To prove: $H$ is a characteristic subgroup in $L$.

Proof:

1. By fact (1), $K/H \cong G/H * G/H$.
2. $K/H$ has no nontrivial finite normal subgroup: By fact (2), if $H$ is a proper subgroup of $G$, then $L/H$ has no nontrivial finite normal subgroup. If $H = G$, then $L/H$ is trivial and hence has no nontrivial finite normal subgroup.
3. $H$ is a finite normal subgroup of $K$: Since $H$ is normal in both copies of $G$, it is normal in $K$. Also, $H$ is finite.
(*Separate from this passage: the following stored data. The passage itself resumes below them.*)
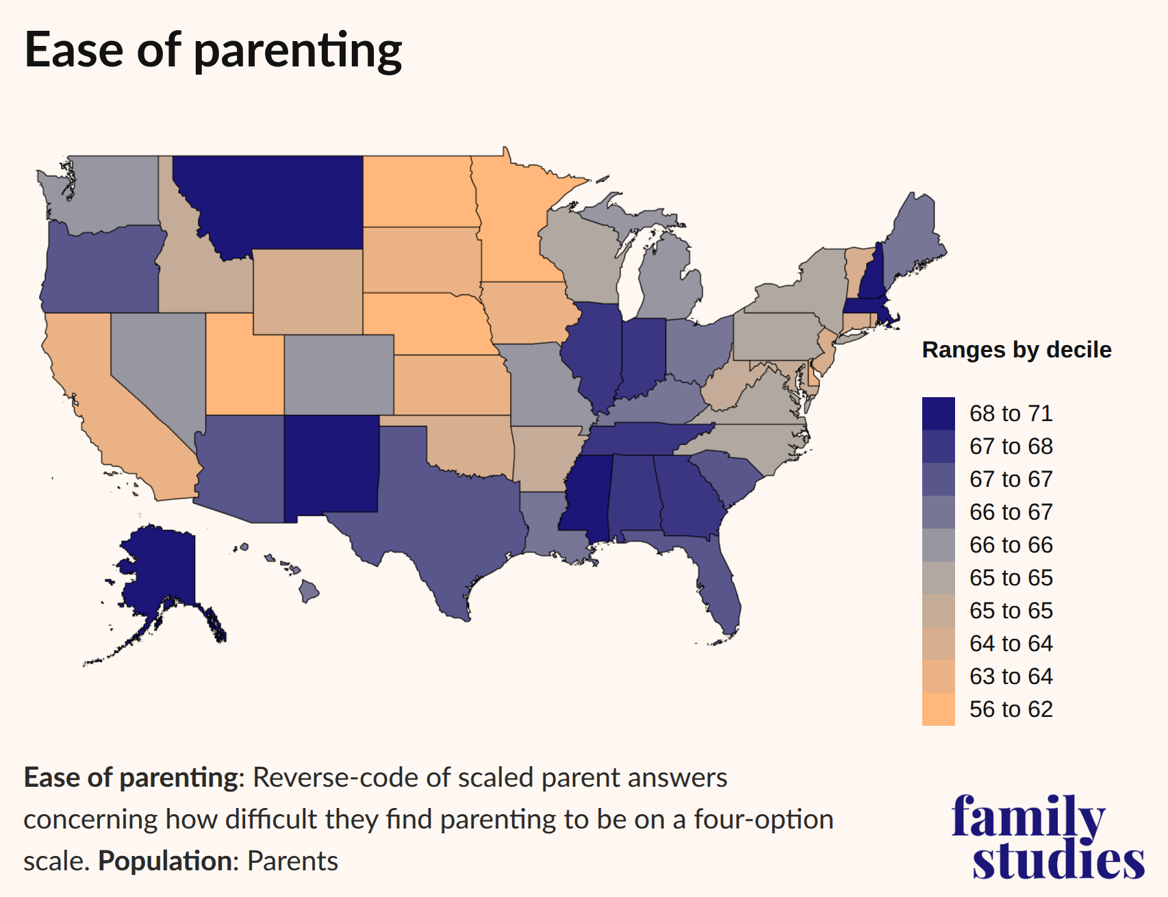 Parents feel that the work of raising children is easiest in Upper New England, the Deep South, the Midwest, and the Southwest. Parenting feels hardest along the Eastern Seaboard and in the Great Plains, while the Mountain states provide a mixed experience.
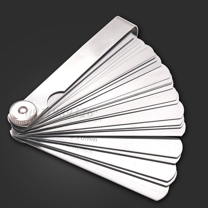 _ Công dụng: đo bề rộng khe hở giữa các chi tiết/bộ phận, ứng dụng trong các lĩnh vực cơ khí, thi công xây dựng, nội ngoại thất..._ Bộ thước bao gồm 32 lá với độ dày khác nhau từ 0.02-1mm (0.0008-0.04inch), cả 2 thông số hệ mét và inch đều được khắc laser rõ nét trên từng lá thước
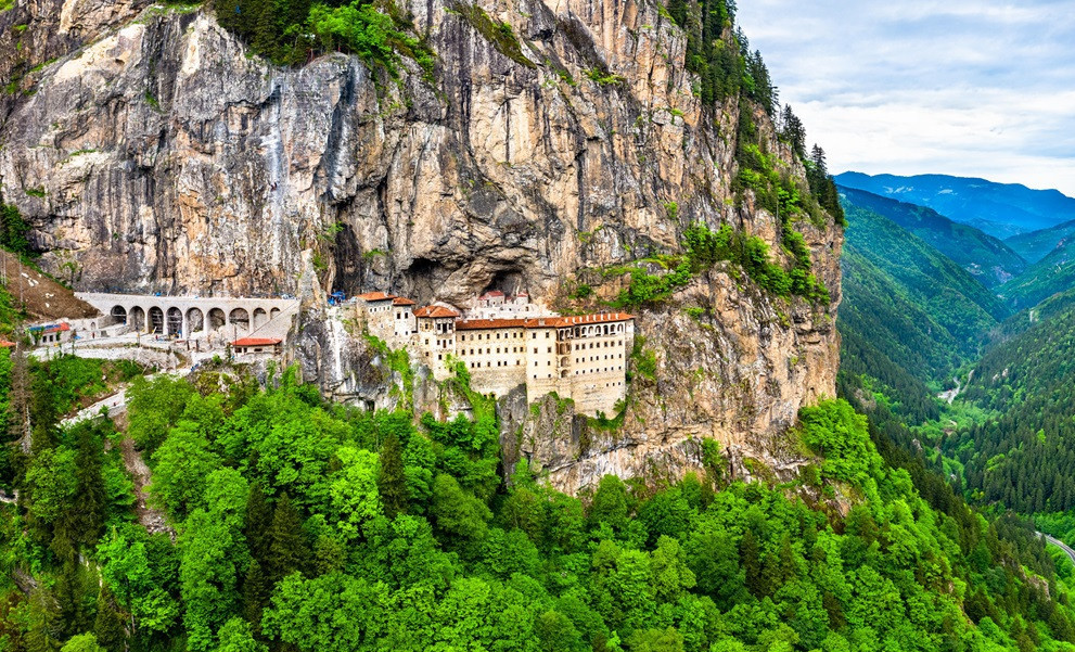 Türkiye’nin kuzeydoğusunda, sarp kayalıkların içine oyulmuş bu adres hem doğanın hem de tarihin izini taşıyor. Karadeniz kıyılarına yakın bir konumda yer alan Sümela Manastırı, CNN Travel yazarı Joe Yogerst’in deyimiyle, “gerçek bir yerden çok, yapay zekâ tarafından üretilmiş gibi görünen” büyüleyici bir manzara sunuyor.
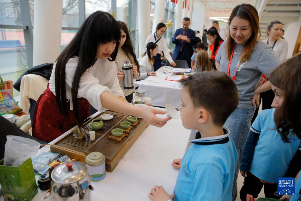 1月31日,在羅馬尼亞布加勒斯特國際學校,學生們參加中國文化體驗活動。新華社發(fā)(克里斯泰爾攝)
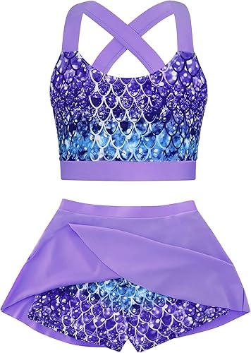 Unique 3D Printed : All over print for girls swimsuit,like mermaid, alania floral, leopard,palm tree, tie dye and so on.Fits for 6-13 years girls
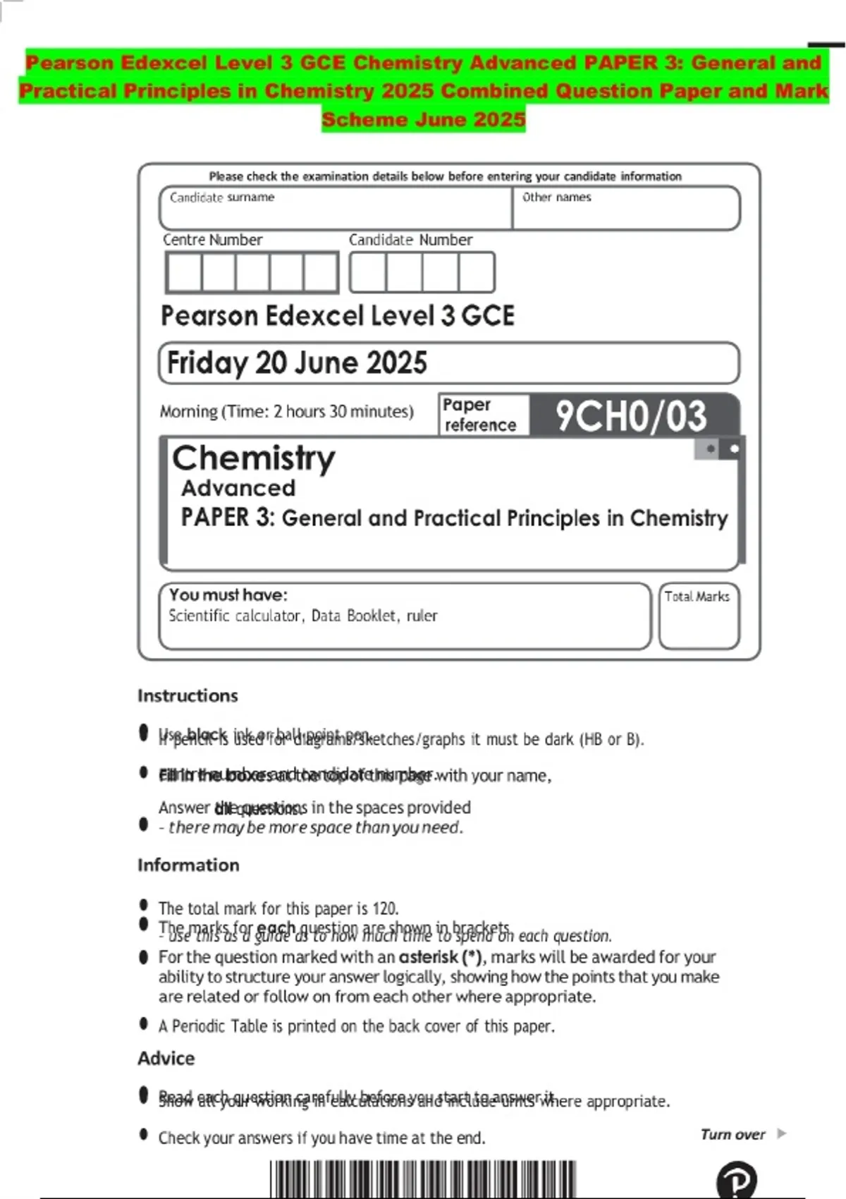 Pearson Edexcel Level 3 GCE Chemistry Advanced PAPER 3: General and Practical Principles in Chemistry 2025 Combined Question Paper and Mark Scheme June 2025
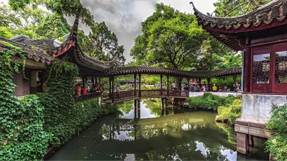 ©Kevin Dooley from Chandler, AZ, USA, CC BY 2.0, via Wikimedia Commons拙政园于明正德年间由御史王献臣所建,最初面貌可在文徵明手绘的三十一页《王氏拙政园记》中见到,但之后几易园主和园名,既做过苏州将军府,也曾是晚清八旗奉直会馆,最终形成了现在所看到的东、中、西三处园子。东花园开阔疏朗,西花园建筑精美,中花园的借景手法是苏州园林的精华所在。
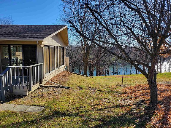 Impressive lake house at Apple Canyon Lake. Sited just off the water's edge and with transferable dock (5-94-3) just below the property makes it ideal for the getaway you're looking for. Spacious home with open kitchen to dining concept adjoined by living room with gas fireplace. Slider door access off the living room leads out to a sunroom with gorgeous lake views. Three bedrooms to be found on the main floor along with one full & one-half bath. Large deck spanning the length of the home with southern exposure overlooking the lake below. Lower level offers tons more living space with a family room with wood burning fireplace and wet bar. Slider door access out to paver patio overlooking Apple Canyon Lake. Two car attached garage. Covenants and restrictions apply. Association dues & fees apply. Square footage is an approximation.
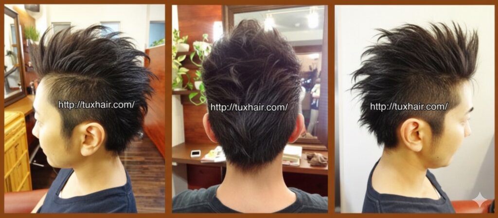 モヒカンリーゼント仕上げ。フロント、トップを立ち上げる。
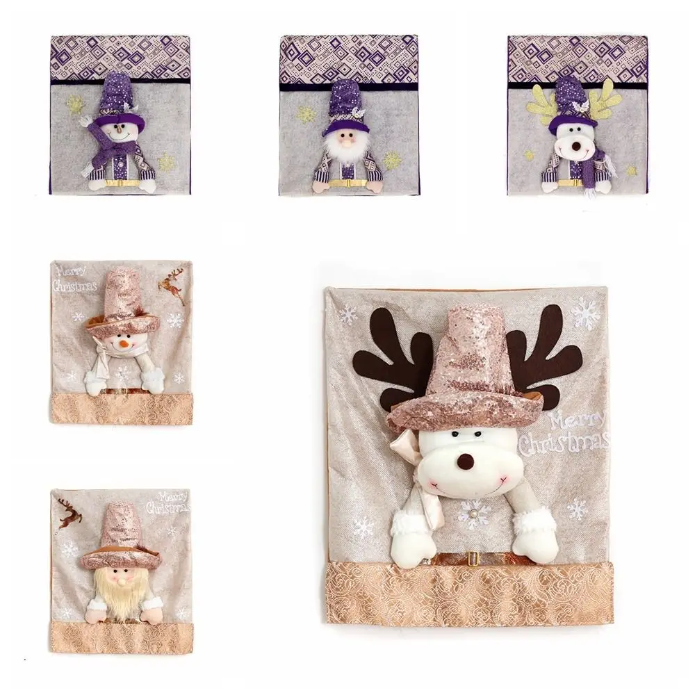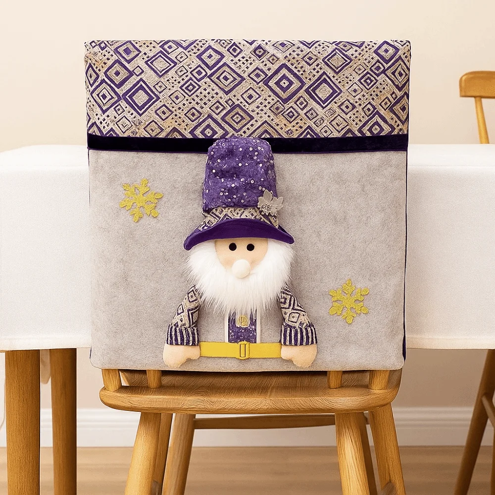 Cartoon Christmas Chair Cover Stretch Removable Xmas Dinner Chair Seat Cover Glitter Purple Seat Protector Home Decoration

4. $H$ is the unique largest finite normal subgroup of $K$: Suppose $M$ is a finite normal subgroup of $K$. Then, by fact (4), the image of $M$ in the quotient map $K \to K/H$ is a normal subgroup of $K/H$. Also, since $M$ is finite, its image is finite. In step (2), we concluded that $K/H$ has no nontrivial finite normal subgroup. Thus, the image of $M$ is trivial, so $M \le H$.
5. $H$ is characteristic in $K$: This follows since it is the unique largest finite normal subgroup of $K$.